▶ [EXERCISE DATA]:
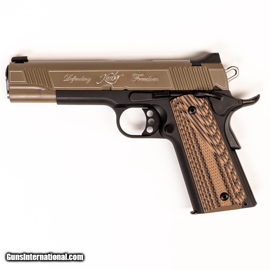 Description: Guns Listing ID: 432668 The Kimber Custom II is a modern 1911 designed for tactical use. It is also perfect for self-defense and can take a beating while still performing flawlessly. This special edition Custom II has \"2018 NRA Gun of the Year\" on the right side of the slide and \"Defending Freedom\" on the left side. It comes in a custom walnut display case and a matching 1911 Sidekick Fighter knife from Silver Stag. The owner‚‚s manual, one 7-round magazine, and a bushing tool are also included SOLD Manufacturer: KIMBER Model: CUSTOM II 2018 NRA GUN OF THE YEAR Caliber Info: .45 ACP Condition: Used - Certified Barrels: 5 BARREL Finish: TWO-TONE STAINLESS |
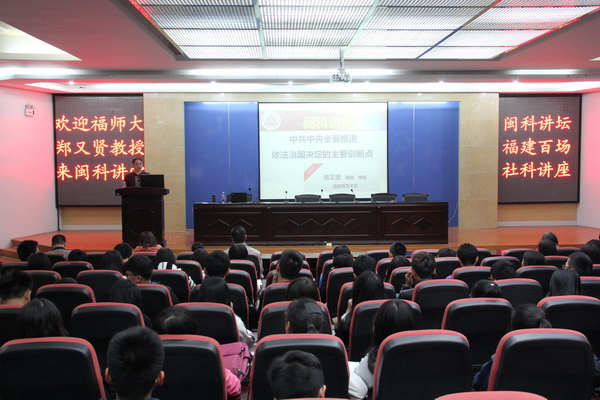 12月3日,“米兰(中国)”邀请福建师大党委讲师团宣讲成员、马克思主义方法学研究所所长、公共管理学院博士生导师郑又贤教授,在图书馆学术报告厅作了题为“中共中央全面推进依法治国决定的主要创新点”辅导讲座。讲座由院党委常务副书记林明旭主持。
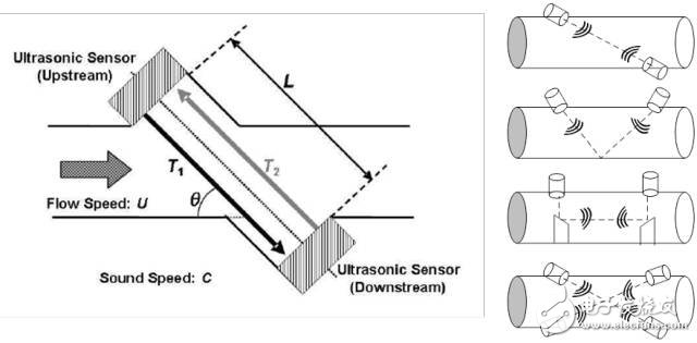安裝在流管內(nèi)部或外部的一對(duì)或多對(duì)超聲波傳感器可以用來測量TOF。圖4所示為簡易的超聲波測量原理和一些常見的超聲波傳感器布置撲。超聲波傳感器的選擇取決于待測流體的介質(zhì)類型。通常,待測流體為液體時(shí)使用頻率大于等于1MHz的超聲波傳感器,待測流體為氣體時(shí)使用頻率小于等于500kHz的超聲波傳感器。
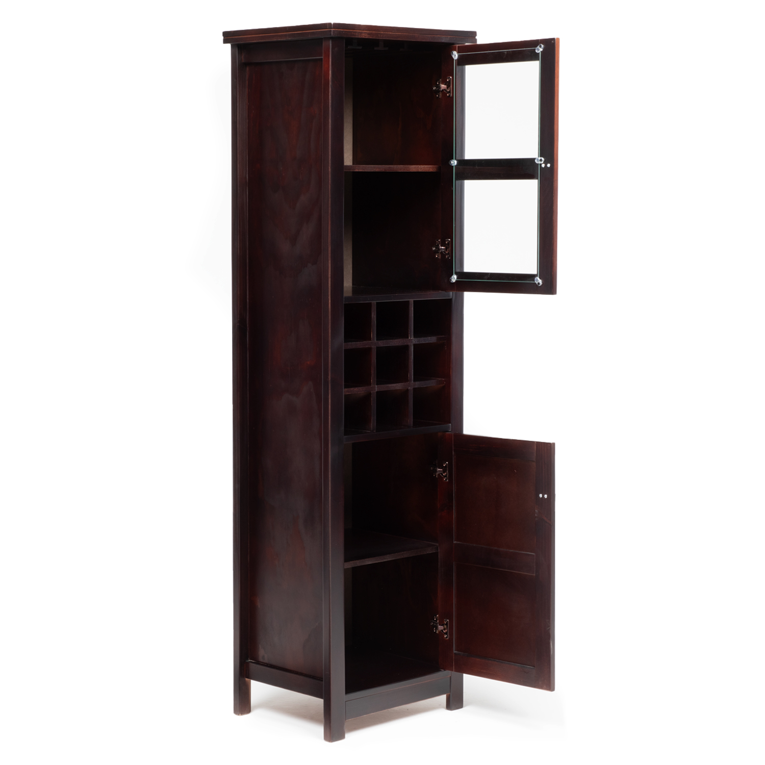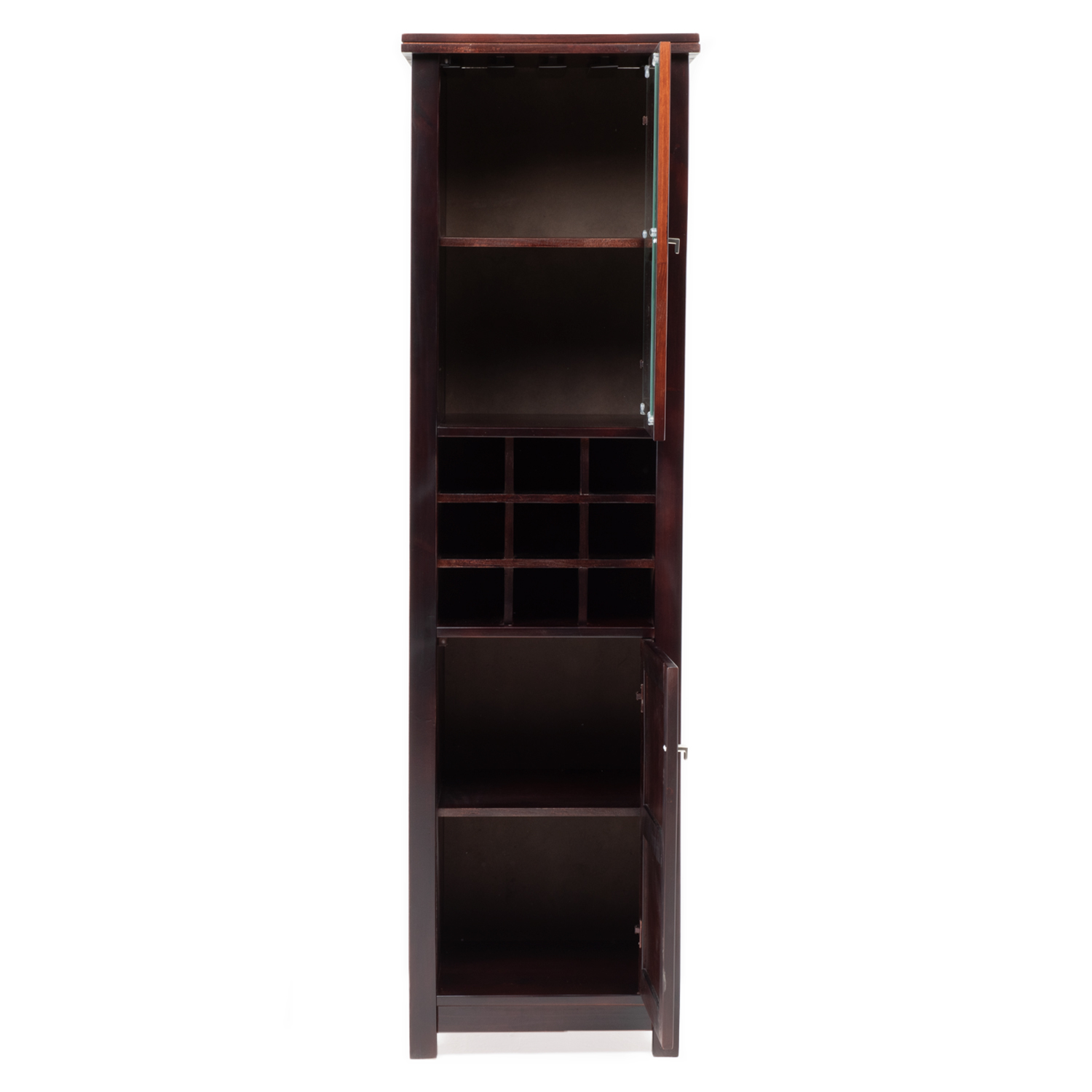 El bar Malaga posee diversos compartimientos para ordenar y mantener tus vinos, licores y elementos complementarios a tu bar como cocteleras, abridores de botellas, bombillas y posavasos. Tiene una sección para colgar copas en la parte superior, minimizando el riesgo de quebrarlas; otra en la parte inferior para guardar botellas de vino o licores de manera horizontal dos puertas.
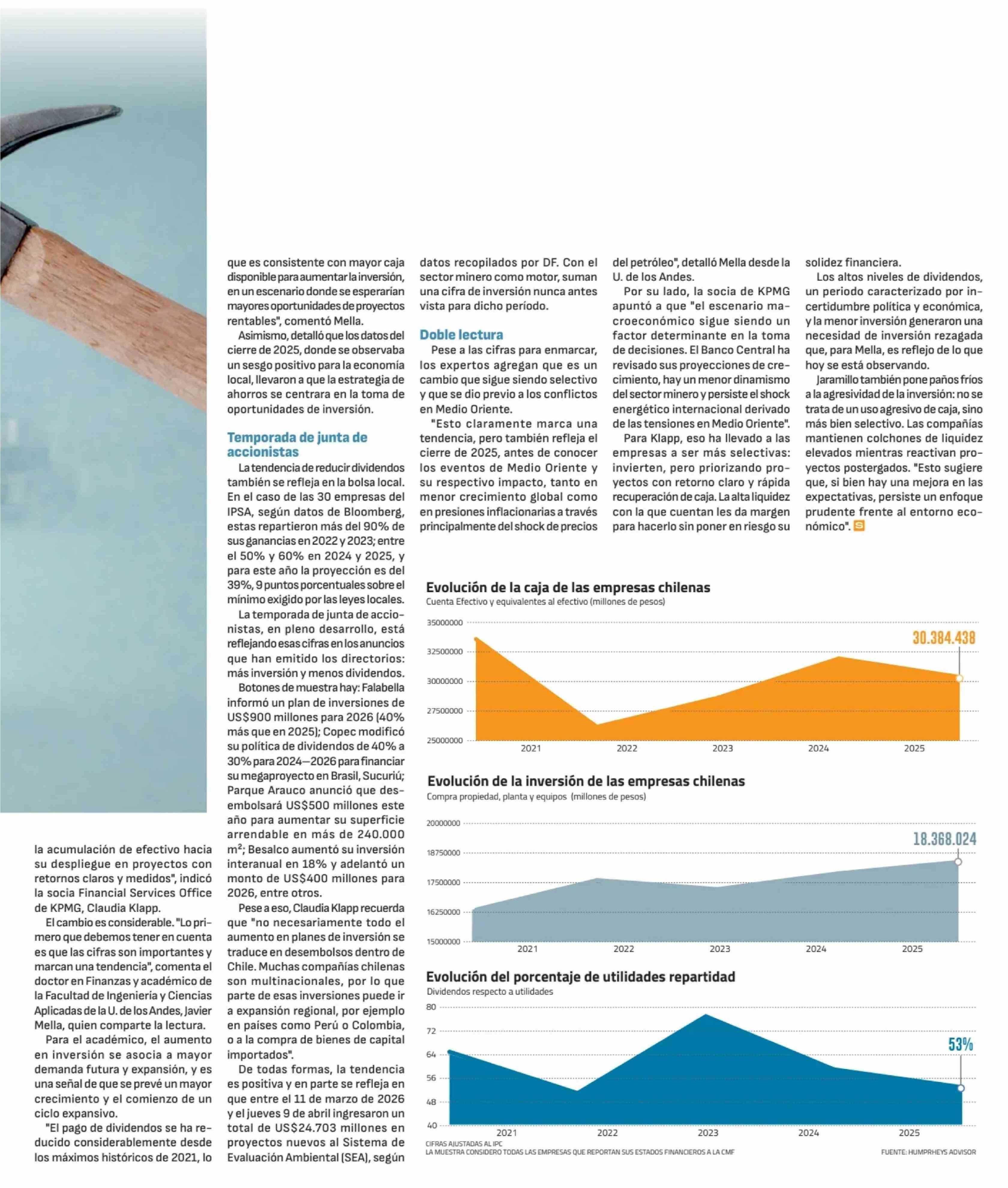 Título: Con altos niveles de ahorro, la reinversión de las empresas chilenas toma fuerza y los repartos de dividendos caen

▶ [EXERCISE]: Repeat the records in full, precisely, and keep the pictures out.

▶ [OUTPUT FOR THIS TASK]:
 Description: Guns Listing ID: 432668 The Kimber Custom II is a modern 1911 designed for tactical use. It is also perfect for self-defense and can take a beating while still performing flawlessly. This special edition Custom II has \"2018 NRA Gun of the Year\" on the right side of the slide and \"Defending Freedom\" on the left side. It comes in a custom walnut display case and a matching 1911 Sidekick Fighter knife from Silver Stag. The owner‚‚s manual, one 7-round magazine, and a bushing tool are also included SOLD Manufacturer: KIMBER Model: CUSTOM II 2018 NRA GUN OF THE YEAR Caliber Info: .45 ACP Condition: Used - Certified Barrels: 5 BARREL Finish: TWO-TONE STAINLESS |
 12月3日,“米兰(中国)”邀请福建师大党委讲师团宣讲成员、马克思主义方法学研究所所长、公共管理学院博士生导师郑又贤教授,在图书馆学术报告厅作了题为“中共中央全面推进依法治国决定的主要创新点”辅导讲座。讲座由院党委常务副书记林明旭主持。
安裝在流管內(nèi)部或外部的一對(duì)或多對(duì)超聲波傳感器可以用來測量TOF。圖4所示為簡易的超聲波測量原理和一些常見的超聲波傳感器布置撲。超聲波傳感器的選擇取決于待測流體的介質(zhì)類型。通常,待測流體為液體時(shí)使用頻率大于等于1MHz的超聲波傳感器,待測流體為氣體時(shí)使用頻率小于等于500kHz的超聲波傳感器。
 El bar Malaga posee diversos compartimientos para ordenar y mantener tus vinos, licores y elementos complementarios a tu bar como cocteleras, abridores de botellas, bombillas y posavasos. Tiene una sección para colgar copas en la parte superior, minimizando el riesgo de quebrarlas; otra en la parte inferior para guardar botellas de vino o licores de manera horizontal dos puertas.
 Título: Con altos niveles de ahorro, la reinversión de las empresas chilenas toma fuerza y los repartos de dividendos caen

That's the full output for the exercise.